A rare Great War M.M. and Bar group of four awarded to Leading Seaman William Thewlis, Royal Naval Volunteer Reserve and Hawke Battalion, Royal Naval Division, who was twice severely wounded

Military Medal
, G.V.R., with Second Award Bar (TZ-5052 A.B.-H.G. W. Thewlis, Hawke Bn., R.N.V.R.); 1914-15 Star (T.Z. 5052 A.B., R.N.V.R.); British War and Victory Medals (T.Z. 5052 L.S., R.N.V.R.), very fine and better (4) £2000-2500

M.M. London Gazette 11 February 1919.

Bar to M.M. London Gazette 20 August 1919.

William Thewlis, a native of Chirton, North Shields, was born in January 1895 and worked as a miner with the Preston Coal Company prior to enlisting in the Tyneside Division, Royal Naval Volunteer Reserve, in June 1915 - aged 20 years, he stood at just five feet, three and a half inches tall.

Posted to Hawke Battalion, Royal Naval Division, in December 1915, which unit he joined out in Imbros in the New Year, he was re-embarked for France in May 1916 and wounded in action on 13 November of the same year. Treated at No. 3 Canadian General Hospital in Boulogne for a gunshot wound to his left shoulder, Thewlis was invalided home in the hospital ship St. Denis and did not rejoin his battalion out in France until May 1917.

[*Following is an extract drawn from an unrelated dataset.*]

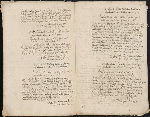 betalen, waer voor die voirschreven personen hebben sullen Inden eersten Ariaen Michielssen sal hebben haeren besten rock, Ende Jenneken Joosten, het roy wullen hemde met het wambaslyftken, ende de resterende dingen sullen die voirscreven persoonen enen diep deylen. Aldus etc. Adriaen Goyaerts Testes Willem Janssen Testamentum Sebastiani Judoci Jois Tigrotatis et Joannee duis uxoris. Actum Anno Domini 1612. 17. Maij hora nona matutina in domo predict. Inden naem etc. Bijden etc. Maecken zy Testateuren voirscreven deen den anderen, reciproce allen die haeffelijcken goederen, om haeren eyghen ende vryen wil mede te doen zoo dat den lancxtlevende gelieven zal. Alle etch Pieter Janssen Testes Henrick Jan Jacobs Testamentum Antonii Adriani Antonii agrotatis et Petrouille uxoris sue. Actum Ao Domini 1612. 25. Maij hora decima. matutina in domo predictorum. Inden naem etc. Byden etc. Maecken zy Testatoren voirscreven inden eersten maeckt Thonis Adriaen Thonissen Peertien zyn wettighe huysvrouwe alle zyn goederen haeffelyke ende erffelycke haer leeft daech lanck te besitten, ende nae die doot sullen die voirscreven goederen wederom comen totter gerechter erffgenaemen daer zy affgecomen zyn, waer teghen Peerren syn huysvrouwe wederom maeckt alle haere haeffelycke goederen haer toebehoorende, inde voorgenoemde maniere te besitten, Alle etc. Jan Goyaert Ariers Testes Henis Joost Janssen. 0 Testamentum Jois Wilhelmi vanden Loo egrotantis, ende Neelken uxoris sue¬ Actum de Domini 1602 ultimo Augusti horam undecima matutina in domo predict. Inden naem etc. tyden etc. Maecken zy Testateuren voirsch d'een den anderen reciproce, alle die goederen die den eerst- afflyvighe achterlaeten sal, den lanckxlevende, dat den lancxtlevende die voirs. goederen in deser voeghen sal besitten te weten dat den lancxtlevende gheen goederen en sal moeghen veralieneren oft vercoopen sonder consent der vrienden, ende dat alleen om die schult mede te betaelen. Ende oft het gebeurde dat ennighe vande kynder ongehoorsaen waeren, sullen vanden lancxtlevende met eenen ouden grooten moghen uutgemaeckt worden, het welck sal comen tot profyt der gehoorsaemer kynderen Alle welck etc. G Simen Geridt Simens Testes Jan Hermens Heyst Testamentie Cornelis Jois Francisci grotantis et Catharina uxoris me Actum de Domini 1612. 27. Septemb. hora quarta pomeridiana in domo predictorum etc. Inden naem etc. Bijden etc. Maecken zy Testateuren voirscreven d'een den anderen reciproce die helft van alle het goet, dat den lancxtlevende daer synen eyghen wil mede sal moeghen doen, ende d'ander helft voor het kyndt, ende oft het gebuerde dat het kyndt quaem te sterven voor den lancxtlevende, so sal den Lancxtleuende alle het goet hebben synen wil mede te doen. Alle etc frans Joosten Testes Thonis Claessen.

Again severely wounded during a gas attack in March 1918, he was invalided home to the Admiralty Edinburgh War Hospital at Bangour, West Lothian. Here, however, he was quickly discharged, pressure from the German Spring Offensive having taken its toll, but an endeavour to get him quickly back in the Field failed, his records noting that he was again invalided from France in May. Finally, at the end of August, he rejoined the Hawke Battalion proper and was advanced to Able Seaman (H.G.) in the following month. A few days later he received confirmation that he had been awarded the M.M., by Routine Order dated 24 September 1918, an award no doubt reflecting his gallant services earlier in the year, when he was wounded.

Further advanced to Leading Seaman, Thewlis was awarded a Bar to his M.M. in Routine Orders dated 15 January 1919, and just three weeks later he was re-embarked for England, where he was demobilised at Ripon.